> **Input for this task**
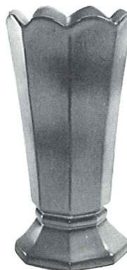
64—9 1/2" OCTAGONAL VASE
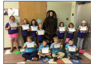
Above: Local elementary students display their certificates proudly with the “BUG”.
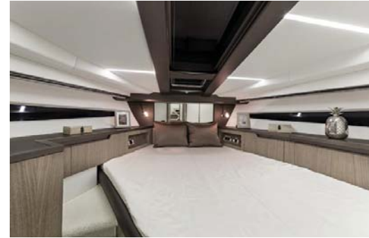
The guest's cabin holds a double bed and extra storage
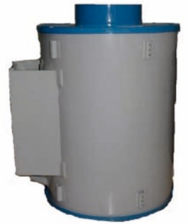
Uni -Mist Collector Unit Domestic
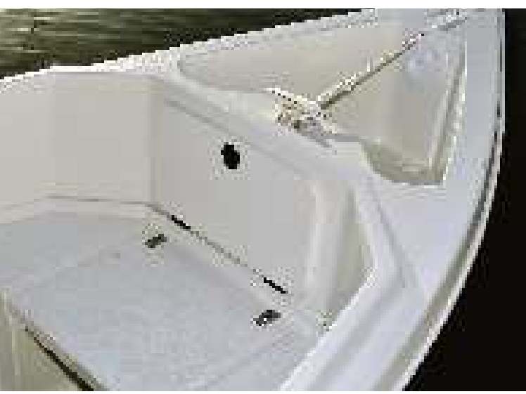
Built as an open boat there are ready made mouldins that can be retro fitted later to provide forward seating, a helm console and even a cuddy
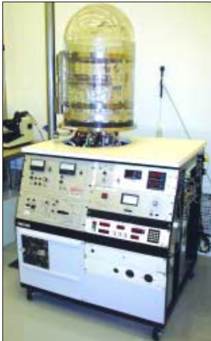
VEECO THERMAL EVAPORATOR

> **Instructions for the task**
When a record holds a picture, leave that picture out; copy the rest verbatim.

> **Finished task**
64—9 1/2" OCTAGONAL VASE
Above: Local elementary students display their certificates proudly with the “BUG”.
The guest's cabin holds a double bed and extra storage
Uni -Mist Collector Unit Domestic
Built as an open boat there are ready made mouldins that can be retro fitted later to provide forward seating, a helm console and even a cuddy
VEECO THERMAL EVAPORATOR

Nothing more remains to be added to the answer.